Football World Championship
- Organiser(s): FA (England) SFA (Scotland)
- Founded: 1876
- Abolished: 1904; 122 years ago
- Teams: 2
- Most championships: Queen's Park (4 titles)

= Football World Championship =

The Football World Championship, also known as the United Kingdom Championship or the International Club Championship, was an exhibition association football match played between the English and Scottish club champions (either national cup or league championship) on a regular, but not annual, basis in the late 19th and early 20th centuries, with varying degrees of press attention and public interest. Perhaps the most widely publicised at the time under the 'World Championship' name was the 1888 event between Renton and West Bromwich Albion, while in the modern age interest from historians has drawn more attention to matches involving Sunderland, particularly the 1895 match.

==History==
===1870s===
Matches were played between the winners of the English FA Cup and the Scottish Cup from November 1876, when Wanderers lost to Queen's Park at The Oval in London; press reports from the time made little mention of the fact that both were holders of the principal trophy of their country, and the fixture was a repeat of an arrangement from the previous year. It appears that a return match in Glasgow was planned during the 1876–77 season (as had occurred in 1875–76), but there are no records of this taking place due to a dispute over expenses. The next meeting between the cup winners was in April 1878 between Wanderers and Vale of Leven (both of whom had just retained the respective trophies), again taking place in London, won by the Scottish side and with no great fanfare over its significance. Vale of Leven were also involved in the next match in December 1879 when they defeated Old Etonians at the first Hampden Park, the first such match to take place in Scotland and in difficult weather conditions.

===1880s===
In May 1880, Queen's Park beat Clapham Rovers in Glasgow (with proceeds from the match going to a memorial fund for SFA secretary William Dick who had recently died) then repeated this in London the following February. The Spiders then routed Old Carthusians 8–0 in January 1882 at Hampden (again in very bad weather, and something of a freak result as the Charterhouse School alumni restricted Vale of Leven to a 2–1 defeat a day later). with no return match known to have taken place. All of these matches were reported in some detail by newspapers, but no mention was given to a formal championship, either of 'Great Britain' or 'The World'.

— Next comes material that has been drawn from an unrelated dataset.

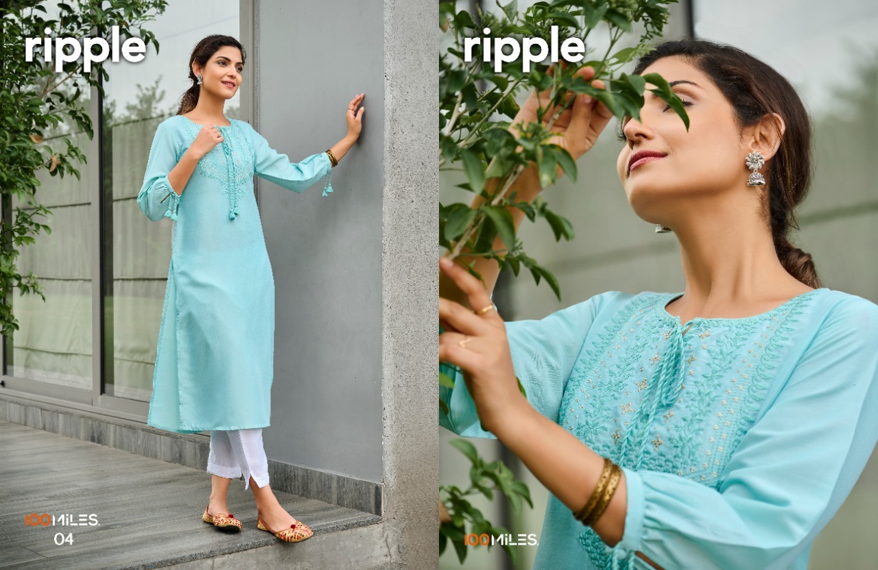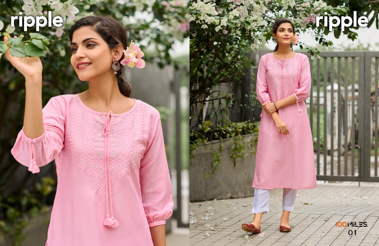 Ripple Kurti By 100 Miles Designer With Chikenkari Work Fancy Long Kurtis Are Available At Wholesale Price
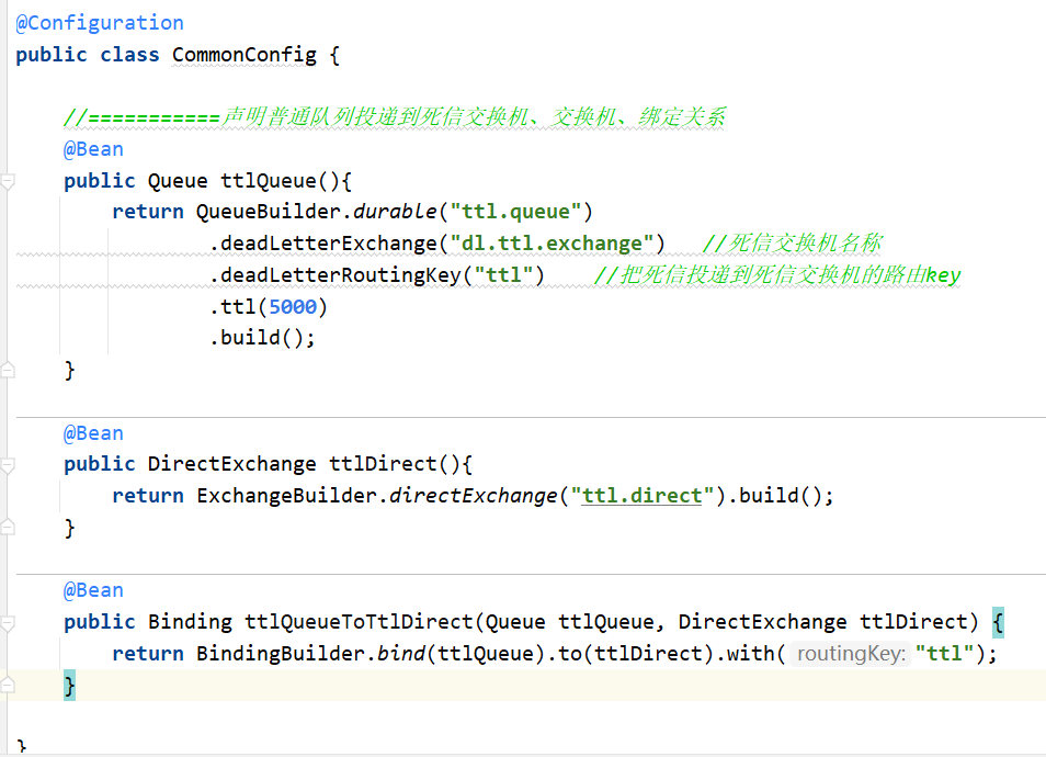 说明:一般这里的routingKey都是相同的ttl,当发送消息的时候和绑定死信交换机的时候,同时都设置了队列时间,那么这里以最短的设置时间为准。

That situation changed somewhat in September 1883, when Dumbarton's match against Blackburn Olympic in Scotland was referred to in multiple publications as the "Championship of the United Kingdom". This resulted in a convincing win for Dumbarton; it is unclear whether a return match in February 1884 (won more narrowly by Blackburn Olympic) was considered a second leg of the same tie. The situation at that time was complicated somewhat by the fact that Scottish teams could and did enter the FA Cup, somewhat negating the idea of there being two separate paths to the trophies: a prime example of this came only a week afterwards, when Blackburn Olympic played Queen's Park in the semi-final of the 1883–84 FA Cup in Nottingham. The Scots (who had by then been awarded the Scottish Cup when Vale of Leven refused to play on the scheduled date) progressed to the 1884 FA Cup Final where they lost 2–1 to Blackburn Rovers, another side from the same Lancashire town as the previous winners. Although both clubs played several other cross-border friendlies over the next year, they did not meet each other again until the 1885 FA Cup Final, by which time Queen's Park's status as Scottish Cup holders had been ended (they were eliminated as early as October in a shock defeat to Battlefield, while Renton won the title in February). Thus the second Anglo-Scottish FA Cup final on 4 April 1885 – again won by Blackburn Rovers – could also not be considered a true meeting of the English and Scottish reigning champions. Over the next season Rovers never met Renton, but did challenge Queen's Park twice in that period (the matches noteworthy for the rule laid down by staunchly amateur Scottish Football Association that any professionals employed by Blackburn could not take part, with the makeshift teams well beaten home and away as a consequence). The 1886 FA Cup winners were Blackburn Rovers for a third successive time while Queen's Park reclaimed the Scottish version, but once again these familiar opponents did not arrange to face each other over the next season; Rovers this time did play Renton.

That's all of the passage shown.